I still can’t get over how Great your Great Lake is.
Gerry
February 21, 2013
Now that you mention it, I wonder what ice-climbers wear? Must investigate. As for me, I’ve decided that the ideal solution is to insert the camera into a specially designed muff that would wrap my fingers in warmth. Until I have worked out the manufacturing challenges I will defer photography when the temperature falls below 20 or the winter wind rises above 10 mph.
Lake Michigan is an impressive body of water, and yet it is not the largest of the Great Lakes. I love it. It does not love me back, which is an interesting thing to think about if a person has an odd turn of mind. Which brings me to Oscar Hammerstein’s lyrics for Ol’ Man River and Paul Robeson’s versions and off I go on another day with my Civil War veterans and their descendants. Water’s always moving, and yet it’s always there, one way or another, in these great lakes and rivers. And the past isn’t even past.
shoreacres
February 21, 2013
Anyone who can so smoothly ease the good Mr. Faulkner into a discussion deserves admiration.
I happened to be reading some Larry McMurtry while waiting at the eye doctor on Monday, and found this passage: “[Flannery O’Connor] kept an eye on Faulkner, of course, remarking once that no one would want their old hack parked on the tracks when the Dixie Limited came whistling through.”
Gerry
February 21, 2013
Only a Texas poet could braid in Flannery O’Connor and Larry McMurtry.
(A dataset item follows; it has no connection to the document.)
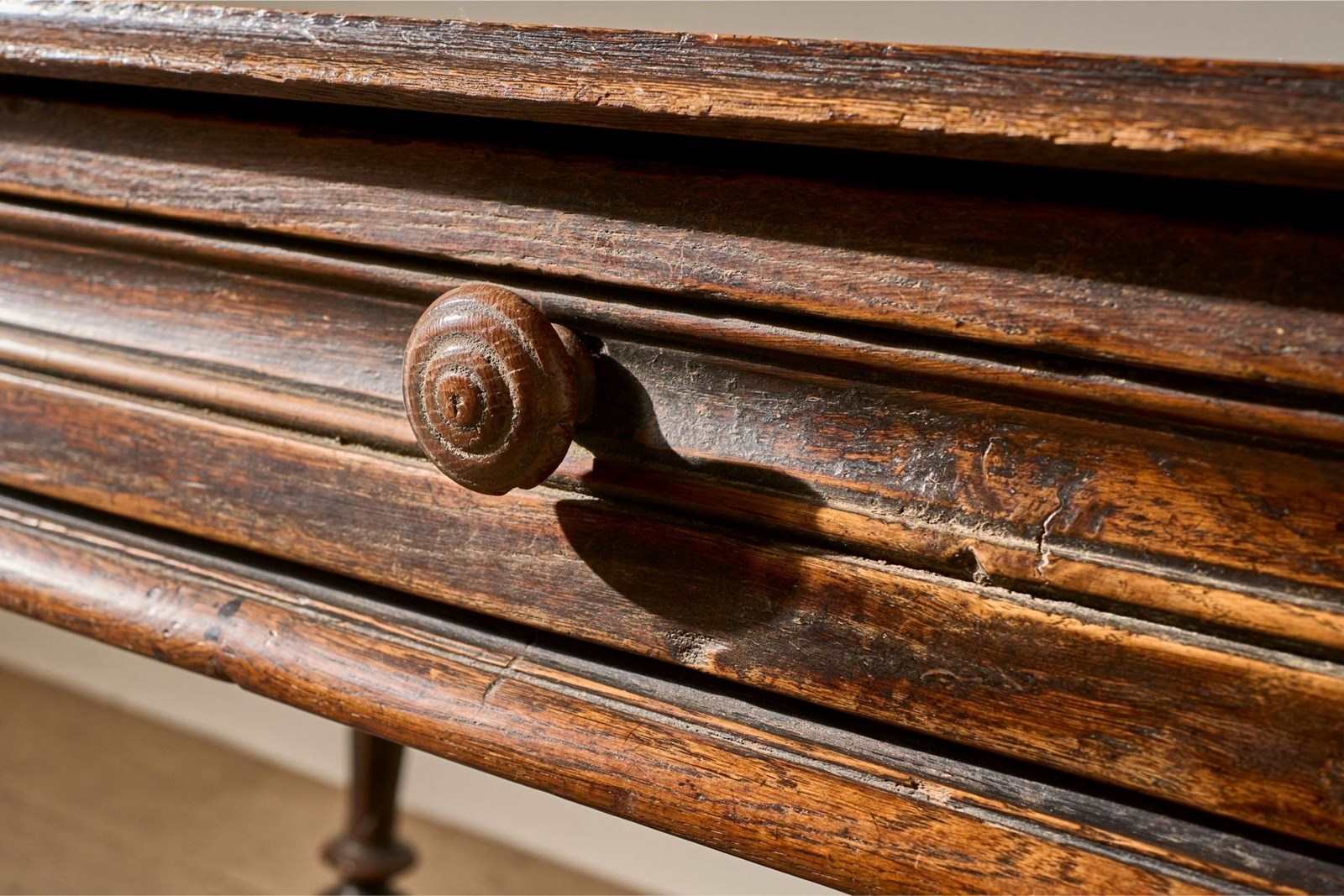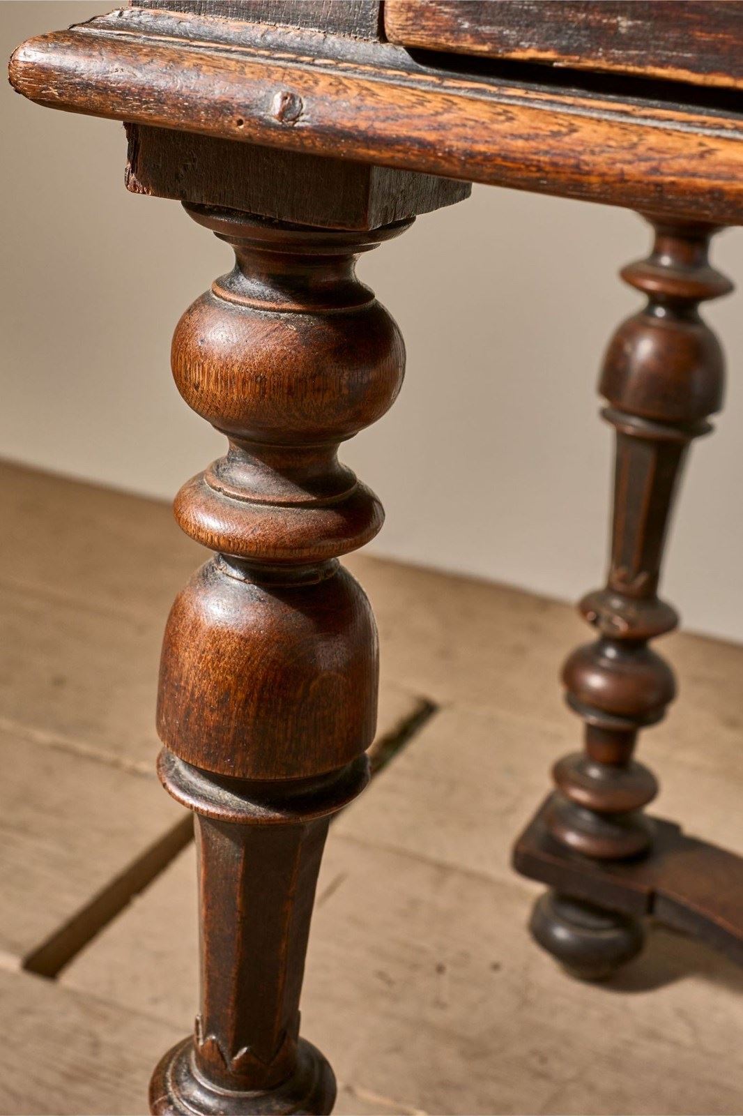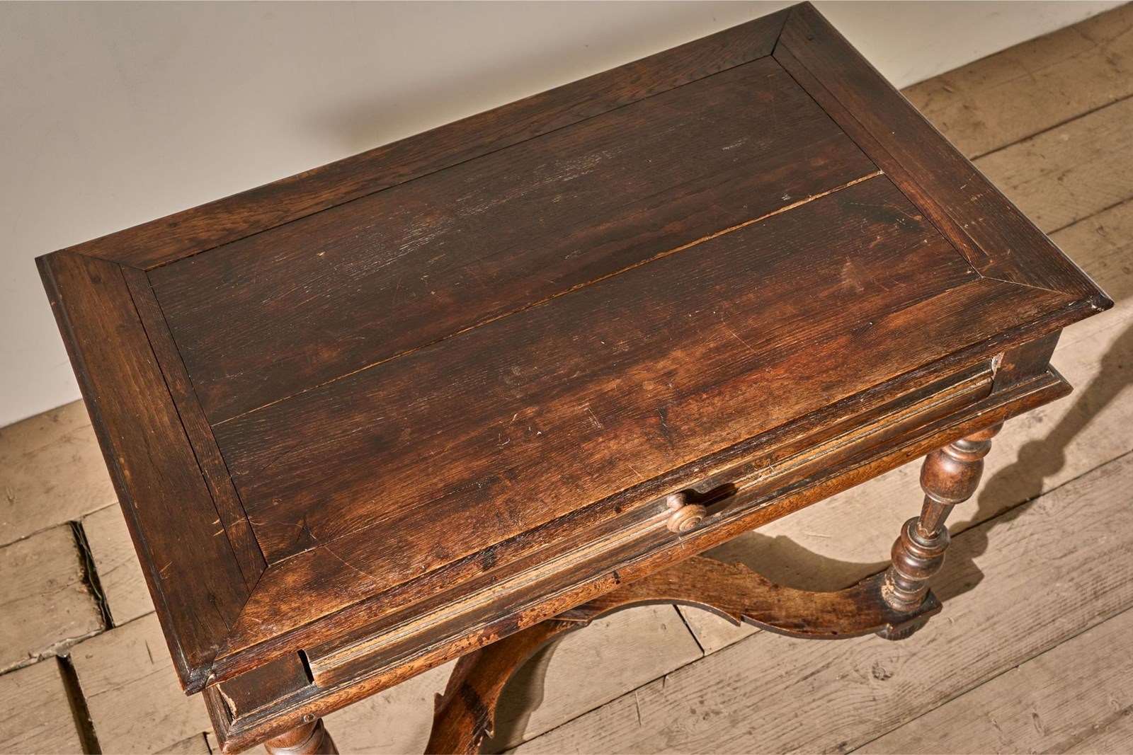 This is a lovely designed 19th century French oak side table. The legs and lower stretchers have a great amount of detail, making this table hugely decorative. The table is complete with a thick oak drawer that runs smoothly and is lined with hessian. The patina and colour are wonderful. Overall condition is good with no structural issues but there is a split in the top. All part of its character but we can let in a timber piece to this should you prefer.

Some readers will wonder what we’re on about; others are nodding their heads wisely and murmuring “It’s February, after all.”
Giiid
March 2, 2013
I had been worried about your absence for some time, and was ready to join Mrs. UHDH´s search and rescue plans, when I found out that you had returned, and posted 4 times in less than a week. That´s what I call a return. Welcome back it´s good to read you again. (If there is a secret energy-recipe, please share it.)
Gerry
March 3, 2013
Ah – the secret energy recipe is to “post ’em while you can” – and then lollygag around for another week or so. I guess the coming week see another flurry of activity.